Единственное объяснение заключается в том, что нас объединяла с ним глубокая преданность делу народа, желание поднять его на должную высоту, материальную и духовную. Подходили к народу мы с разных сторон и разными дорогами, но одни и те же чувства соединяли нас. И если революционная молодежь, раскрывая «Отечественные Записки», искала прежде всего статью Михайловского и рассказ Успенского, то и Успенский чувствовал тягу к революционеру. В нем—в революционере—он видел ту возвышенность мысли и дела, ту гармонию, которых не находил в людях всякой другой среды. Происхождение и силу тяги и увлечения Глеба Ивановича революционными деятелями я поняла только по выходе из крепости, когда могла прочесть те произведения, которые были написаны после того, как мы, революционеры эпохи 70-х годов, ушли из жизни, а пока мы были в ней, мы и не подозревали, какое значение имела для него встреча с типичными семидесятниками.
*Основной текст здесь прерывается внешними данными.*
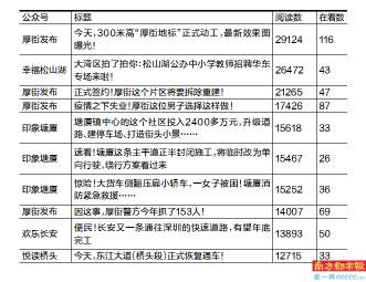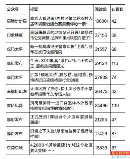 10月东莞镇街政务公众号原创榜单显示,“厚街发布”击败“印象塘厦”,重回榜首。记者从原创榜单了解到,“厚街发布”此次共有4篇原创文章上榜,其次是“印象塘厦”。值得一提的是,“厚街发布”排在榜首的文章《今天,300米高“厚街地标”正式动工,最新效果图曝光!》是上榜文章里面,唯一一篇在看数过百的文章,文章阅读量也将近三万,传播效果较好。而从文章题材来看,300米高的“厚街地标”动工,涉及城市面貌焕新,必然会引发读者关注。

В литературе есть указание, что Г. ». присутствовал на моем процессе. Это неверно, он не присутствовал; но верно то, что через мою младшую сестру Ольгу он просил передать мне, что завидует мне. В этом «завидует», мне кажется, заключается трагедия его. Если он действительно завидовал, то его жизнь похожа на трагедию Толстого, которого целыми десятилетиями терзало противоречие между его духовными стремлениями и той буржуазной обстановкой, вырваться из которой он не находил в себе сил до последнего «ухода» от семьи, Г. И, говорил не раз Иван-чину-Писареву, что общение с революционерами выпрямляет его—знаменательное признание! И нельзя не связать его со строками, которые он писал Соболевскому, редактору «Русских Ведомостей»: «Да, надобно действовать прямо. Ты—писатель (думают они), сочувствуешь и тому-то, и тому-то? Ну, так докажи. Беда тебе будет? Плохо? До этого нам нет дела... Ты должен не быть зайцем, боящимся всего этого. Если вы, писатели, пишете то-то и то-то, то и на деле—пожалуйте. Это все верно, правда сущая; но я уже напуган. Вздохну, обдумаю, немного укреплюсь и, поверьте, сделаю так! Если я не сделаю так, то все—чепуха, вся жизнь—вздор, сочинение, пустяки, презренные пустяки...»
На этом я и кончу.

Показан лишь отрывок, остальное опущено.